Policy prescriptions, anyone?

Hundreds of colleges and universities have spent millions of dollars on "emergency notification systems", which now include text message and email alerts, as well as sirens on campus to alert people on campus to "significant threats to the campus community".  And, apparently, the latest department of Education rules under the Clery Act require them to have some sort of notification system. Most high schools, however, don't have such systems, except the time-honored public address system, and the ole fire alarm. While better than nothing, these systems largely ignore the 800 pound gorilla in the room: the Secret Service study of school shootings (though somewhat dated now), estimates the vast majority are over in 2-4 minutes. The actual Columbine shooting of others was over in less than 15 minutes, though it took some time later for them to decide to kill themselves. Those involved, police, students, etc., thought it went on much longer, because no one at the time new that the cowards had already killed themselves. Police are now trained to respond immediately, as soon as practical, to get into the school (or wherever) to try to stop the shooting. Usually, it will already be too late.

By the way, Columbine High School did have an on site "School Resource Officer", an armed, unifomed police officer on duty at the school, but he was driven away from the school, along with another colleague, by the heavily armed students.

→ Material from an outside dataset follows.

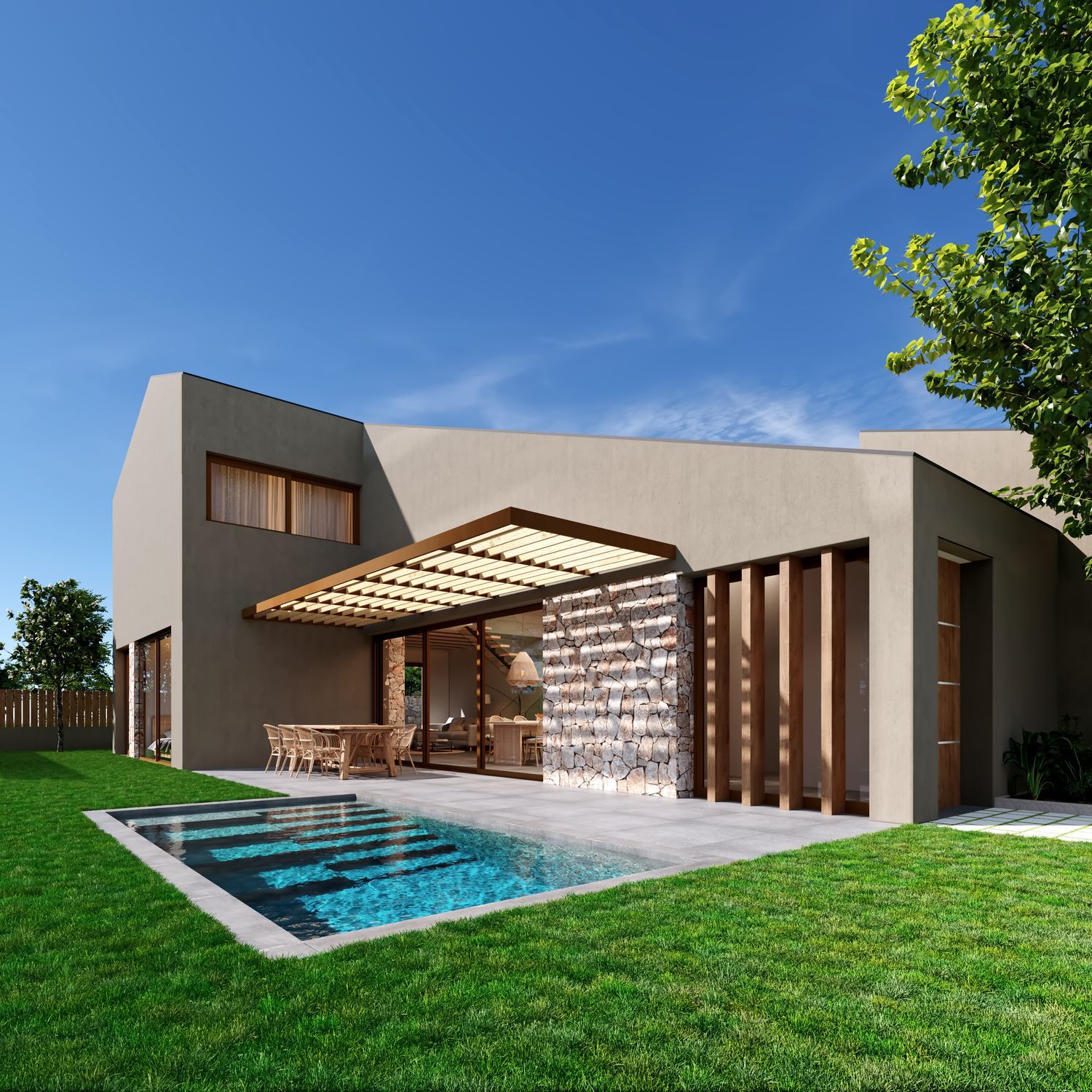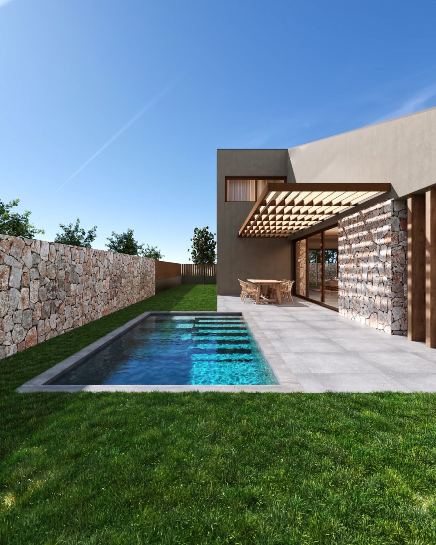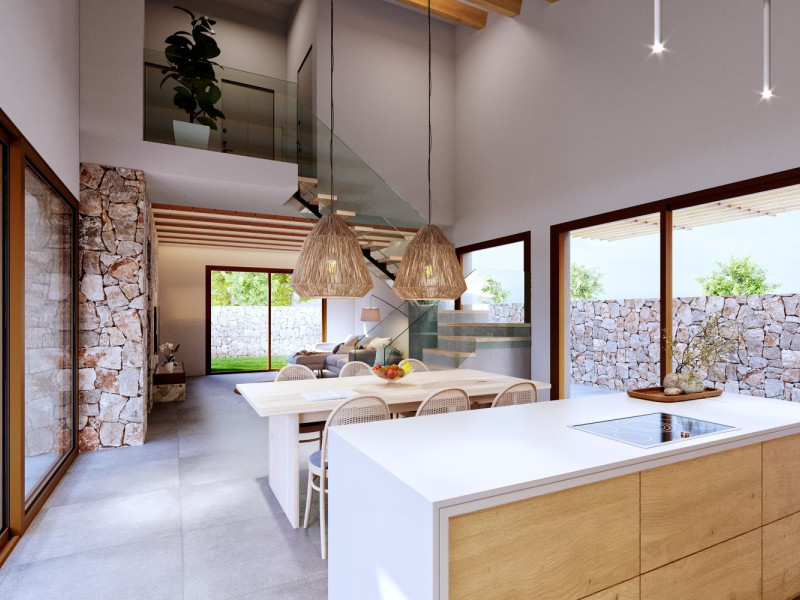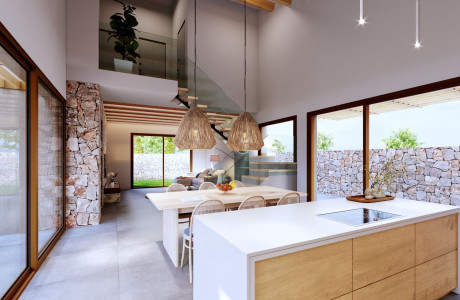 On the upper floor, three additional double bedrooms and a full bathroom are laid out over 55 m². High-quality finishes include an exterior facade of earth-toned cladding and natural stone masonry. The interiors feature porcelain stoneware floors, with the option for AC5 laminate throughout, and a comprehensive heating and cooling system ensuring comfort through Aerothermal technology. This consists of underfloor heating and both exposed and concealed industrial-style air ducts. White matte lacquered doors and skirtings, alongside built-in wardrobes, complete the interiors. Enjoy the lush gardens, inviting pergola, and refreshing pool, creating an unparalleled living experience.

Many schools and colleges are trying to create "threat assessment teams" for figuring out what to do with loony students who scare others. This is the only real answer: to separate disturbed and distressed students from the rest of the campus, at least temporarily, to find out more about them, and to try to learn if they have firearms, if possible. And to have a way for students to alert campus authorities to potentially dangerous folks. [Of course, none of that worked at Virginia Tech, where teachers repeatedly tried to get help for future gunman Cho, but he kept falling thru the cracks, since VT, like most schools then-and probably now-do not have the mechanisms to deal with people like him.]